Which you'll see in a moment. Before that, let's have some comments on Stan's legacy. Josh, please copy-and-paste your excellent email on to the Symposia, and others, please weigh in. We're not here for the pragmatics of funereal forensics; we're here to remind ourselves of common bonds with our heritage and beyond. You may not know what Joey and Ben and I have in mind with 'the horses inside'--the first composition, by the way, that the Fender Stratocaster has 99.99% to do with--but still it informs our heritage (and beyond). Because heritage is never consigned to historical archives.

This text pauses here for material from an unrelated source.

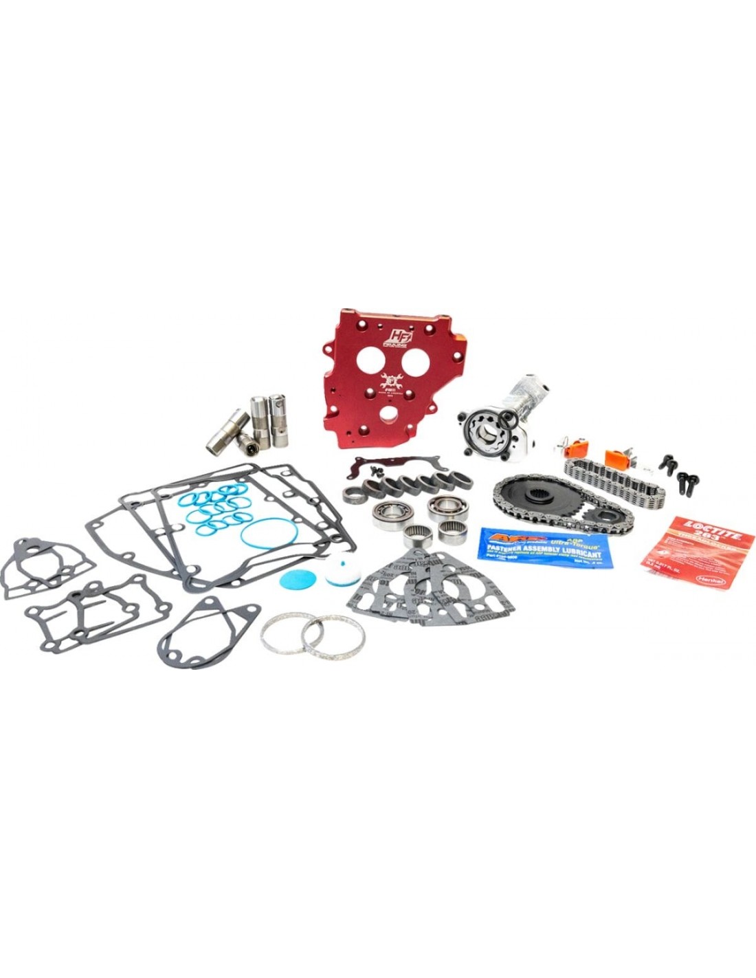 Feuling Oil Pump Corp.Kit di conversione tendicatena idraulico hp+il kit include i componenti necessari per aggiornare i sistemi di trasmissione della catena di distribuzione con tendicatena meccanico a molla stile '99-'06 alla catena di distribuzione idraulica di fine '07-'17 sistema di trasmissione include una pompa dell'olio ricavata dal pieno della serie feuling race, piastra a portata elevata, sollevatori a corsa completa della serie race, alloggiamenti tenditori idraulici ricavati dal pieno di feuling, cuscinetti tenditori, catene di distribuzione, ruote dentate, distanziali di allineamento ruote dentate, timken®/ cuscinetti feuling, guarnizioni necessarie, o-ring, camma arp®, bulloneria della pedivella, loctite® e lubrificante al molibdeno prodotto negli stati uniti kit guarnizioni scatola bilancieri incluso quindi quello di fabbrica- le aste di comando possono essere riutilizzate. per motori twin cam delphi '01-'06 dotati di sistema di accensione senza sensore camma con alberi a camme di trasmissione a catena scanalati stile di fabbrica '00-'06. Non funziona su alberi a camme con chiavetta.

The poem below is, as ever, a draft. Of the 7 colleagues departing ISP this spring, I'll miss most Tony Ackerman (see "Dadly Advice"), Then Lawrence Wayne Shackleford, aka Shack, then Patrick Green. The latter two have been nominally standouts in our IT department. They are super in the ways of our IT world. But they are more. To whit:
I’m thinking, in stride, of
writing a poem about horses—the
horses inside, the wayward
courses our instincts may take, if
never departed from courses that
are, and must be. I have many
friends in this world. I hope always
to have. Among them I’ll count—
in terms true and abstract—the
gallop of Shack and amiable grace
of Patrick (and yes, you can horse
trade ‘gallop’ and ‘grace’).
I love these two men. It’s not very
nineteenth-century to say—I don’t
know that I remain a nineteenth-
century type of guy. I said so before
Web two-point-oh. My universe was
well set with Dickinson, Dostoevsky
and those who would demur Nietzsche’s
brilliant, indisputable dementia, that
ever we might be even fuller than
ourselves, that Übermenschen emerge
somehow on their own, that ever
we’d want what they’d construe.
My friends, Lawrence Wayne Shack
and Patick Green, are leaving our
stable. They have perhaps greener
pastures to tread and to teach. They’ve
taught us well. They’ve journeyed us
well beyond Web-point-who-knows.
So, back to those horses. Yes,
Josef and Ben and I are writing a
song about them. Not about studs,
which don’t span enough the need to
write about horses. We’ll sing about
them, about Patrick and Shack
and anyone else who have horses
inside. Gallop in grace, strike your own
stride, go to Montana and, unbridled
island that’s there, conjoin with wild
horses within Flathead Lake. No limits
exist. No courses to take. Just
freedom to run and to be and be
seen, if anyone sees. It’s lovely to
live on an island—take here—and to
be free. And that’s what you’ve done:
you’ve made us feel free. Technology,
Mr Postman, has soul (we have seen).